Dubya gave a fundraiser speech that was surreptiously recorded in which he detailed his intention to relocate to Dallas. Thank Gawd. For years and years, Sarah and I have been debating whether or not we actually hated living there. Now, there is no remaining concession. Dallas sucks.

The Brew Crew took another in Saint Louie last night on late inning heroics by Bill Hall. CC Sabathia takes the mound tonite. As our friend visiting from Cleveland, Goldy, intoned this weekend (I'll paraphrase) - "I'm glad he went to a team I can appreciate." Damn straight, Michael. May your leadership in this national struggle toward finding a Nation to appreciate lead us to the promised land. And by us, it was totally a Brewers comment.

Hope your own Park Cities real estate tours take you through some really fine foreclosure opportunities today. Rock on.

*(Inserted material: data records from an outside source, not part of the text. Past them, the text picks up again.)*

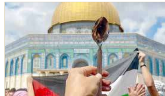
مسيرة تضامنية مع الأسرى الفارين في باحات الأقصى

الزاوية في الخليل، بيتا وبيت دجن جنوب نابلس وبيت أمر شمال الخليل. إلى ذلك، عثرت الشرطة الإسرائيلية على حقيبتين بمنطقة العفولة خلال قيام خبراء الأثر بنمطيش المنطقة بحثاً عن الأسرى الفلسطينيين الفارين من سجن جلبوع. ورجحت صحيفة "معاريف" العبرية، أمس، أن الأسرى الفلسطينيين الستة ربما توجهوا ناحية الحدود الشمالية مع لبنان، بعد العثور على "حاجيات" تخصهم في منطقة العفولة شمالي البلاد.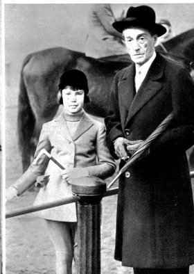
Der Herzog von Alba, Nationalspaniens Vertreter in London. Im Anschluss an einen Notenaustausch zwischen dem Foreign Office in London und Salamanca ist der Herzog von Alba, einer Reuter-Meldung zufolge, zum amtlichen Vertreter des nationalen Spaniens in London ernannt worden. Der Herzog von Alba, der spanischer Grande und Angehöriger des britischen Adels ist, wurde hier von unserem Bildberichterstatler mit seinem Töchterchen im Hyde-Park in London aufgenommen.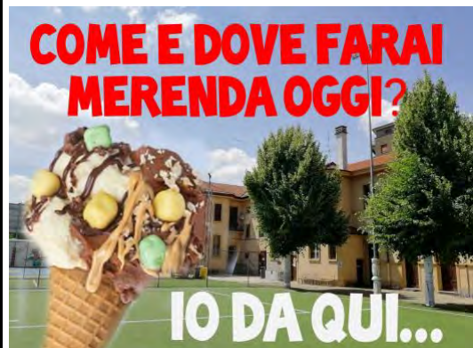
Incontri ricreativi e di preghiera su YouTube tutte le domeniche pomeriggio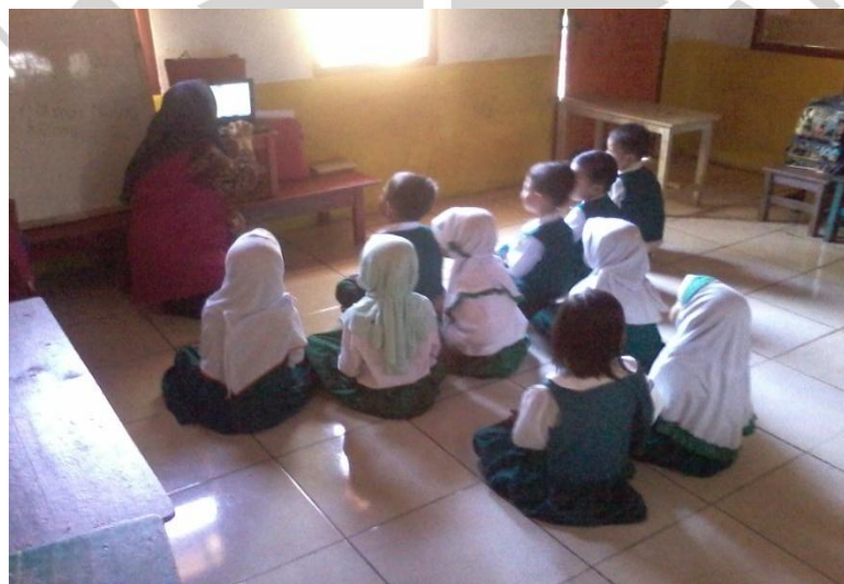
Riati, 2017 PERMAINAN TRADISIONAL PREPET JENGKOL TERHADAP PERKEMBANGAN MOTORIK KASAR ANAK KELAS B2 TK AL-KHAERIAH Universitas Pendidikan Indonesia | repository.upi.edu | perpustakaan.upi.edu

Tuesday, December 18, 2007

R.I.P. - The Crocodile Cafe

http://www.classicrockmagazine.com/resources/classicrock/he%20who.jpg
It's very appropriate that Seattle is suffering through an especially dreary day given the news that the Crocodile Cafe has shut down. For those that joined me in the corner booth in the back bar (you know who you are), glasses are being raised in respect. The place was a glorious dump. Everyone went there. The owner (Stephanie Dorgan) recently divorced what was assuredly the club's cash cow (Peter Buck from R.E.M.). Stories earlier this month chronicled how they were bouncing checks and losing valued employees. It's sad. Really. I remember too many shows there over 5 years in the 90s. I remember seeing Tad passed out in another corner booth. I remember the Lovely Diane flirting constantly with my friend Bob over months and months of inaction. I remember the time I saw some dude blow a guy on the stage just before the exhaltant, impromptu end of a set (the above pictured bassist for "The Dwarves"). Said blowing amounted to my last live show in Seattle before moving to Dallas, Texas where I believe seeing a guy get blown by another guy is still a capital offense. Then I remember seeing The Hold Steady there a year ago after I'd moved back to Seattle, intermingling with the friendliest crowd I can remember since, well, ever becoming a part of a crowd in a music venue. It was as if nothing had changed. But it's now obvious that something changed. I remember the Croc. I'm sure I won't be the only one who can't - or won't - forget.

Hope your own venues are booked for the foreseeable future. Rock on.